- Exercise details -
Look below for the line that contains "Convert from 12G-SDI" and the line that contains "5. 如图,在三角形纸片$ABC$中,$\angle A", then restate both of them and every line in between, exactly. No picture goes in the copy.

- Data extract -
=======

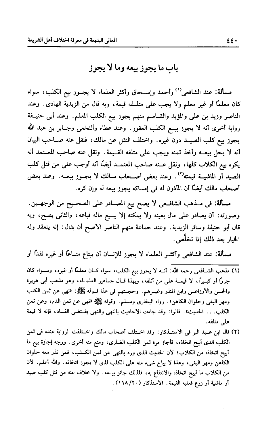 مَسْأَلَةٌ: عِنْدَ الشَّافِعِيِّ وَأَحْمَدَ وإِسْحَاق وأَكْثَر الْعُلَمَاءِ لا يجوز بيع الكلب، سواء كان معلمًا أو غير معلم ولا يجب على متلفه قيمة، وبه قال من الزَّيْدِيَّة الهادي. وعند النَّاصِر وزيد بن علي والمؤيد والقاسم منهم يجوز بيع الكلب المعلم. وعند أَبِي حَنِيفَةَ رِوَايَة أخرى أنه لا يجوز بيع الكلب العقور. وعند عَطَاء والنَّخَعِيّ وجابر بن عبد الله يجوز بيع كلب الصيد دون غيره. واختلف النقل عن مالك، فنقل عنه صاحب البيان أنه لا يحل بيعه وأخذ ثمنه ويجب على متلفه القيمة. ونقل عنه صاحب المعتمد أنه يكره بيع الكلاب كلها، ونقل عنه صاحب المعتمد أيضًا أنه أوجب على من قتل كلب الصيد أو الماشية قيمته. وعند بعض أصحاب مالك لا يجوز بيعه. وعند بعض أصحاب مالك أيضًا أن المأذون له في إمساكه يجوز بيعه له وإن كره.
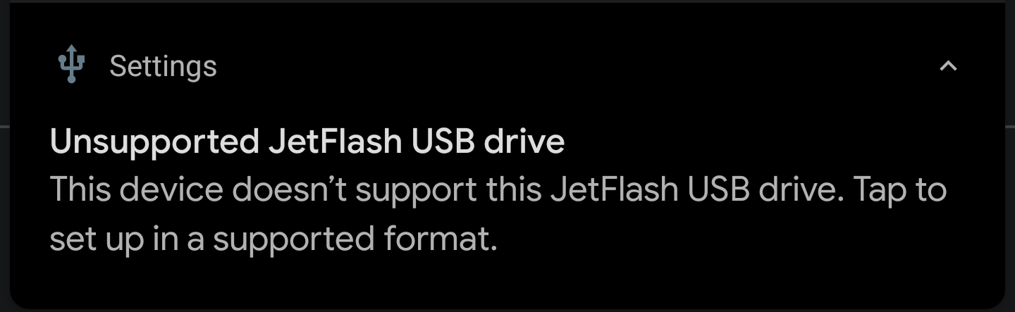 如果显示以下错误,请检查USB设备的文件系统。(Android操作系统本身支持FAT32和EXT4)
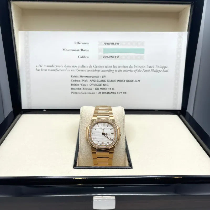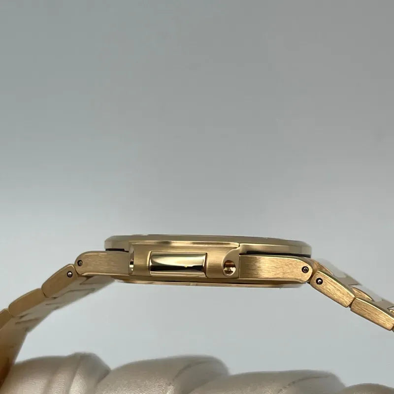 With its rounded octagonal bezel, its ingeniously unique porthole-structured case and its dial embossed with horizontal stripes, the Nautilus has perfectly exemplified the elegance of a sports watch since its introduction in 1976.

=======

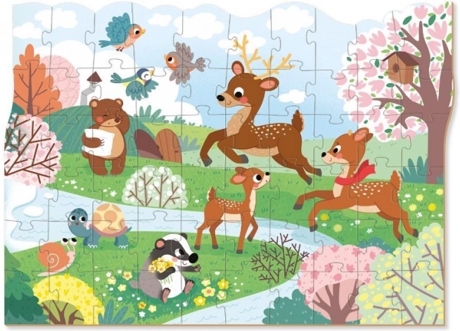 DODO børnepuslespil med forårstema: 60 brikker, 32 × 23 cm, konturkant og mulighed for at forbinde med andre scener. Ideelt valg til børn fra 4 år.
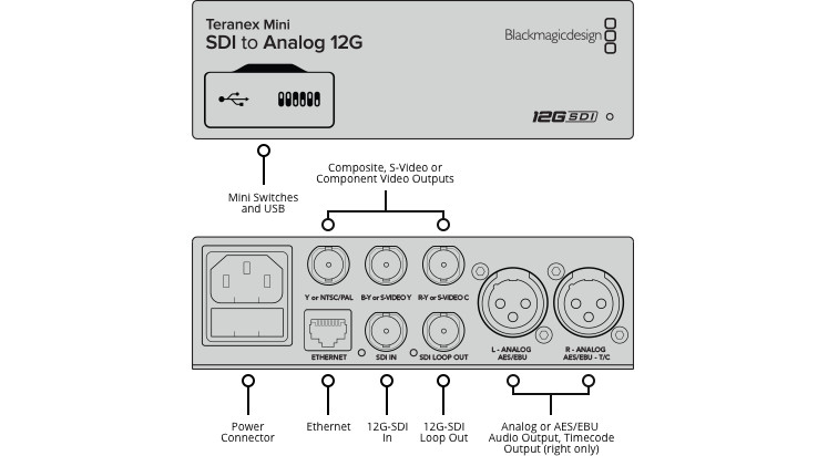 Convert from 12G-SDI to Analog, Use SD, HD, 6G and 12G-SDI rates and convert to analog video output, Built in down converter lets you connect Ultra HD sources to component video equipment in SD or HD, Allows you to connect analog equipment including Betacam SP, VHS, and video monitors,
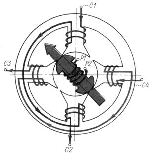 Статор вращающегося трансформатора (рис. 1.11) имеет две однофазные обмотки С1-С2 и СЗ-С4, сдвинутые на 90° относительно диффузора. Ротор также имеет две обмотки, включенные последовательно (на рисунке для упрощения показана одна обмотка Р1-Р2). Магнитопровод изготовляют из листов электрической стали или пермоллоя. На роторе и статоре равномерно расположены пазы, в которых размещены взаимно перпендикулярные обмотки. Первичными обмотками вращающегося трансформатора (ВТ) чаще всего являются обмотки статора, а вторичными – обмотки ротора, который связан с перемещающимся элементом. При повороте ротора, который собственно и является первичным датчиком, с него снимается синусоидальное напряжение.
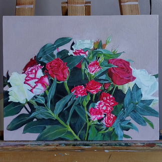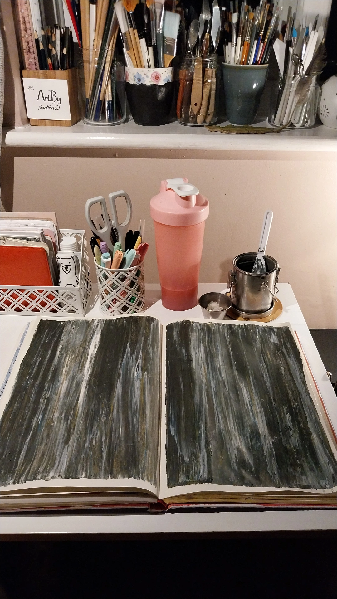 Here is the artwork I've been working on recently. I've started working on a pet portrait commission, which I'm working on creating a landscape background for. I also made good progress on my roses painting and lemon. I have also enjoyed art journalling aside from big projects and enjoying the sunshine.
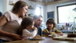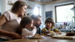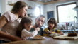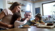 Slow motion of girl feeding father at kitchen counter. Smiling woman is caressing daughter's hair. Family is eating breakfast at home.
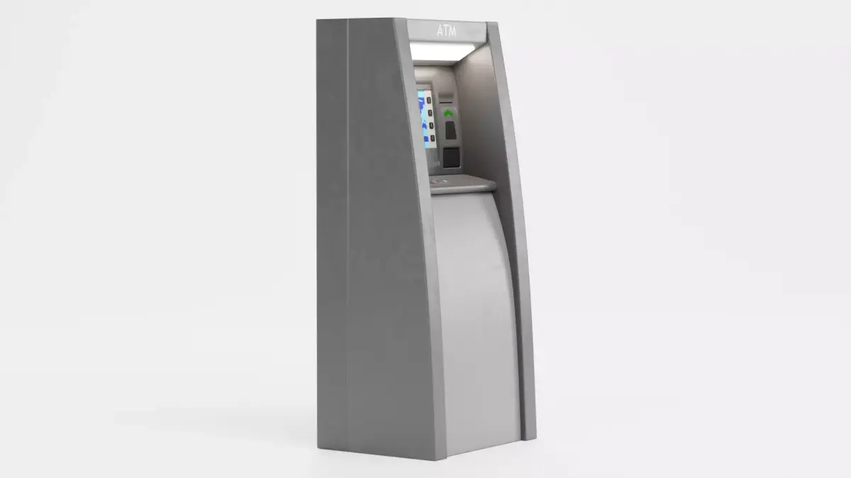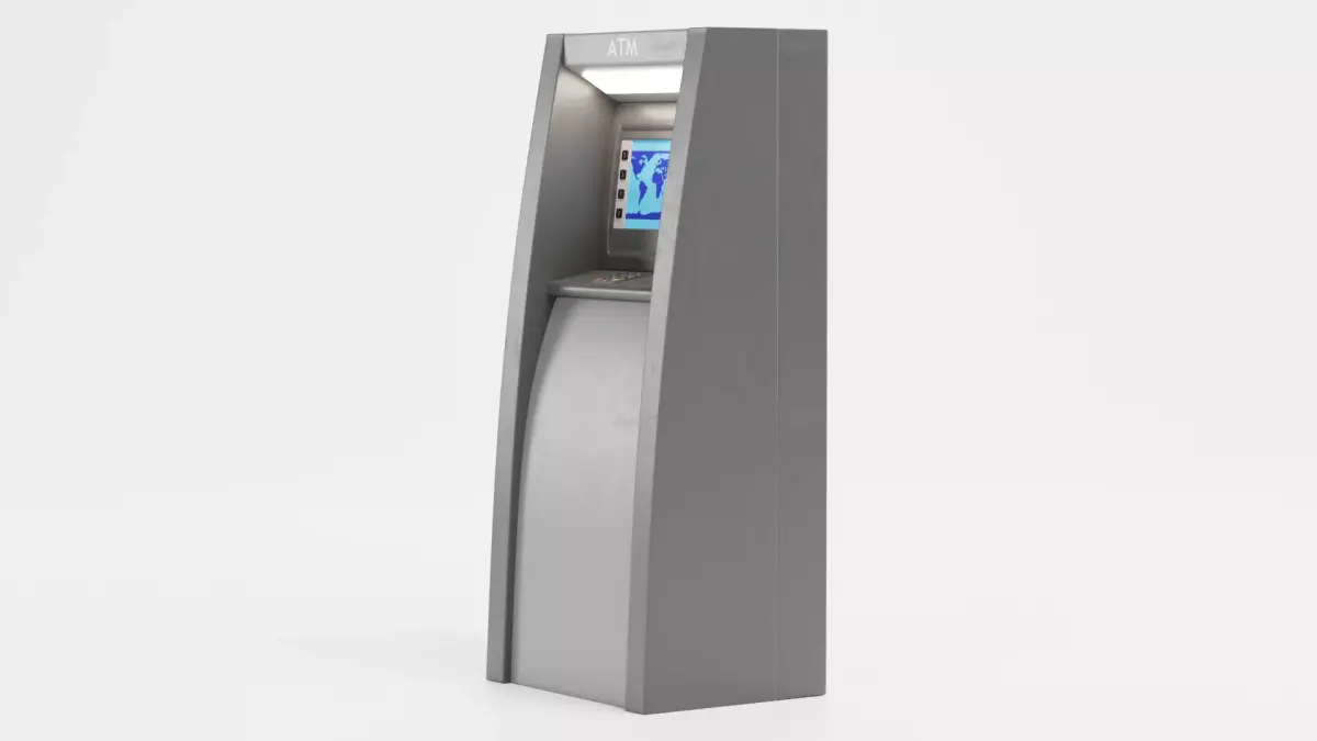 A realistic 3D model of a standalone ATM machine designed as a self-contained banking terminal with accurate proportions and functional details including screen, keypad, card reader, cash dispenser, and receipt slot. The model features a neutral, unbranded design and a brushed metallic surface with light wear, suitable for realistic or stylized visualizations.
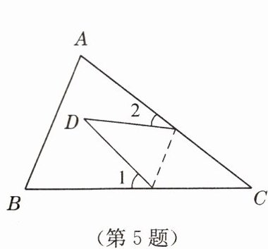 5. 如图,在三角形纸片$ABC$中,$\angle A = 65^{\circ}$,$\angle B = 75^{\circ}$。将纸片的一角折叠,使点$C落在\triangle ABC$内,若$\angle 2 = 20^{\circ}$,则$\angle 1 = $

=======

- Output for this task -
 Convert from 12G-SDI to Analog, Use SD, HD, 6G and 12G-SDI rates and convert to analog video output, Built in down converter lets you connect Ultra HD sources to component video equipment in SD or HD, Allows you to connect analog equipment including Betacam SP, VHS, and video monitors,
 Статор вращающегося трансформатора (рис. 1.11) имеет две однофазные обмотки С1-С2 и СЗ-С4, сдвинутые на 90° относительно диффузора. Ротор также имеет две обмотки, включенные последовательно (на рисунке для упрощения показана одна обмотка Р1-Р2). Магнитопровод изготовляют из листов электрической стали или пермоллоя. На роторе и статоре равномерно расположены пазы, в которых размещены взаимно перпендикулярные обмотки. Первичными обмотками вращающегося трансформатора (ВТ) чаще всего являются обмотки статора, а вторичными – обмотки ротора, который связан с перемещающимся элементом. При повороте ротора, который собственно и является первичным датчиком, с него снимается синусоидальное напряжение.
 Here is the artwork I've been working on recently. I've started working on a pet portrait commission, which I'm working on creating a landscape background for. I also made good progress on my roses painting and lemon. I have also enjoyed art journalling aside from big projects and enjoying the sunshine.
 Slow motion of girl feeding father at kitchen counter. Smiling woman is caressing daughter's hair. Family is eating breakfast at home.
 A realistic 3D model of a standalone ATM machine designed as a self-contained banking terminal with accurate proportions and functional details including screen, keypad, card reader, cash dispenser, and receipt slot. The model features a neutral, unbranded design and a brushed metallic surface with light wear, suitable for realistic or stylized visualizations.
 5. 如图,在三角形纸片$ABC$中,$\angle A = 65^{\circ}$,$\angle B = 75^{\circ}$。将纸片的一角折叠,使点$C落在\triangle ABC$内,若$\angle 2 = 20^{\circ}$,则$\angle 1 = $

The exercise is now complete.